Simply AWSOME work. I really admire y'alls talent!

Please enlighten me/us as to what your thoughts/plans are for the instrument panel. To me it appears that your boot cowl design is significantly different from a standard Cub and I know y'all must have a plan...

John Scott
 
Please enlighten me/us as to what your thoughts/plans are for the instrument panel. To me it appears that your boot cowl design is significantly different from a standard Cub and I know y'all must have a plan...
John Scott

Have you ever felt how heavy those things are? Its a cub, it does not need to have the same amount of instrumentation as a king air. After SNF I will post the "panel" and some more info on our plan. Light weight, just like Crash says is the name of the game.
 
You fellas are making great progress. It is looking very nice. What was the source for the firewall blanket? I like it.
Howard
 
So a little time has passed and we have finished the fuselage! Well kinda, wiring, fuel, But we are moving on to the wings. We were at Sun n fun (Friday-Sun) and picked up our spars from Scott and Steve at DE aircraft. Nice people and real easy to deal with.

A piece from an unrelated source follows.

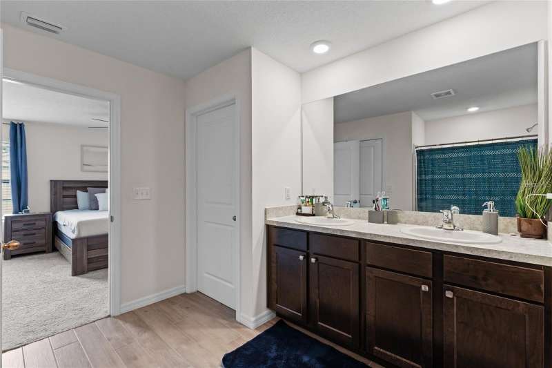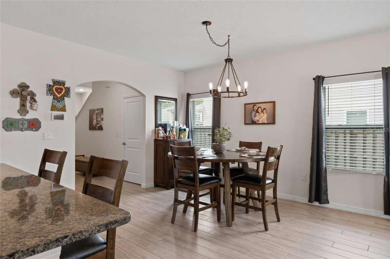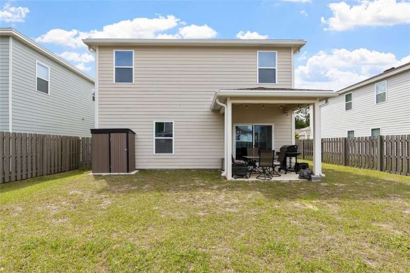 Step into this almost new home nestled within the Arbor Greens community at the heart of Jonesville. Boasting five bedrooms and three bathrooms, this spacious home is primed for immediate occupancy, seamlessly blending contemporary elegance with the tranquility of suburban living. As you enter, be greeted by an expansive interior adorned with low-maintenance wood-look tile floors, crafting an inviting atmosphere throughout. The kitchen features granite countertops, stainless steel appliances, a farmhouse sink, breakfast bar, coffee bar and a generously sized pantry for all your storage needs. Designed with entertainment in mind, the open-concept layout effortlessly connects the kitchen, dining, and living areas, forming a dynamic space for gatherings and relaxation. The owners have tastefully upgraded fixtures, added shelving, installed a paver driveway & gutters, and other finishing touches, setting this home apart from new construction. Retreat to the primary suite, complete with a spacious ensuite bathroom and a walk-in closet, offering a private sanctuary for unwinding. With one bedroom and bath downstairs and four bedrooms and two bathrooms upstairs, this layout offers convenience and privacy. Upstairs, a roomy laundry area with included washer and dryer, along with extra shelves and storage, adds to the home's functionality. Upstairs is also home to some extra space perfect for a play area or study nook. A sliding glass door leads to the covered patio, extending the living space outdoors. The fully fenced yard invites endless outdoor enjoyment, whether it's hosting barbecues, gardening, or simply soaking in the Florida sunshine. Conveniently situated near Gainesville, residents will appreciate easy access to top-rated schools, Tioga Town Center, dining options, parks, and more. Plus, residents can take advantage of community amenities such as the pool, clubhouse, CLAY ELECTRIC, and front yard maintenance provided by the association. Don't miss out on the opportunity to embrace quintessential Florida living at 1425 NW 136th Drive. Schedule your private tour today and discover your new dream home!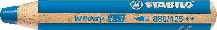 Barevná pastelka "Woody", modrá, 3v1 – pastelka, vodovka, voskovka, STABILO

Got some great pictures of Legends and Back country's uncovered cub wings and had a few $10 hockey puck hamburgers.

Now that we are back, we have started to repair/rebuild a set of ribs. We might have a solution to the splices that Univair uses that wrap around. I will post some pictures soon.

What screws work the BEST for holding the ribs to the spars? I know they are #4 type z pk, but what ones do/did you use? Which ones do we need to avoid?
 
Get the screws that hold ribs or anything else to the spars from Dakota Cub. They don't break or strip, been there, done that and said some very choice words. Do yourself an enormous favor and find a 12" long #1 Phillips head screw driver as well.
 
An 530-4r4 is what I used. They have a deeper head than a regular pk screw, so it's harder for the screwdriver to slip. Having a really long screwdriver-like 18 inches at least will be really important too.
 
Update: Ordered the screws from Dakota, they say 225 per 16 rib wing. We are going 13 rib, so I ordered 500 and Dad said I should have ordered 800! I also am now a member of Cub Club and after Jordan tried hard not to sell me the DVD for the wing (kidding) I purchased that too. He said it is like a Stitts or King tape, so I will chug a red bull prior to starting the tape. The rib repairs are coming along nicely and I will post some pictures early this week.

I have some questions for the masses.

1. I have noticed that the aileron false spar on a -18 is different than the flap false spar. The -22 is Straight across and uses bent hangers for the flaps to compensate. The -18 uses straight hangers for the flaps. I have both sets available so that is not the problem, but I have to know, which is better? Does it matter? What are the flight differences?

2. Round or square tips? I have read it ALL, and it seems like Ford vs Chevy

3. Extended flaps to fuselage. Pros/cons?
 
You won't use that many of the Dakota screws though. They are used to install the ribs to spars, leading edge skins to spars and the 3/8" channel braces to the spars.

Tips are all up to the individual, there is enough already posted to educate yourself on everyones opinions.

Tuft the fuselage with stock flaps and you get all kinds of burbles all down the side of the fuselage. Bring the flaps inboard and they smooth out.